Purpose of review Allogeneic hematopoietic cell transplantation
(HCT), with associated graft-versus-leukemia effects, remains the best postremission strategy for patients with intermediate or high-risk acute myeloid leukemia
(AML), with a curative potential. Here, we highlight recent advances in allogeneic HCT that broadened access, refined prognostication, and improved outcomes of AML patients undergoing this procedure.
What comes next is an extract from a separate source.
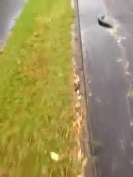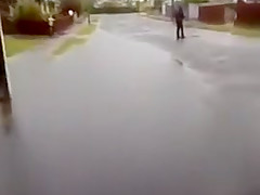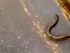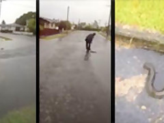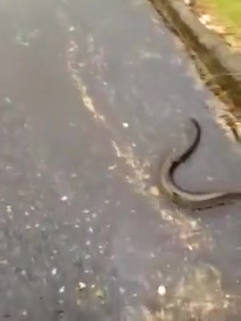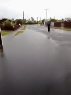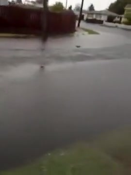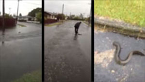 A storm causes the street to flood and fresh water eels swimming in the gutters.

Eligibility for allogeneic HCT continued to expand to AML patients older than 60 years, as well as to patients lacking human leukocyte antigen (HLA)-matched donors with the advent of alternative donor sources, such as umbilical cord blood and HLA-haploidentical transplantation. Molecular profiling of AML has redefined prognostication for patients in specific AML genomic subgroups undergoing allogeneic HCT and has served as a new strategy for measuring minimal residual disease
before and after allogeneic HCT. Using high intensity conditioning regimens has emerged as a potential strategy to reduce risk of relapse and improve overall survival, especially in patients with minimal residual disease
prior to allogeneic HCT.
As access to allogeneic HCT continues to improve, also, with more refined prognostic strategies, the field continues to move to optimize transplantation approaches by decreasing the risk of relapse and minimizing transplant-related complications.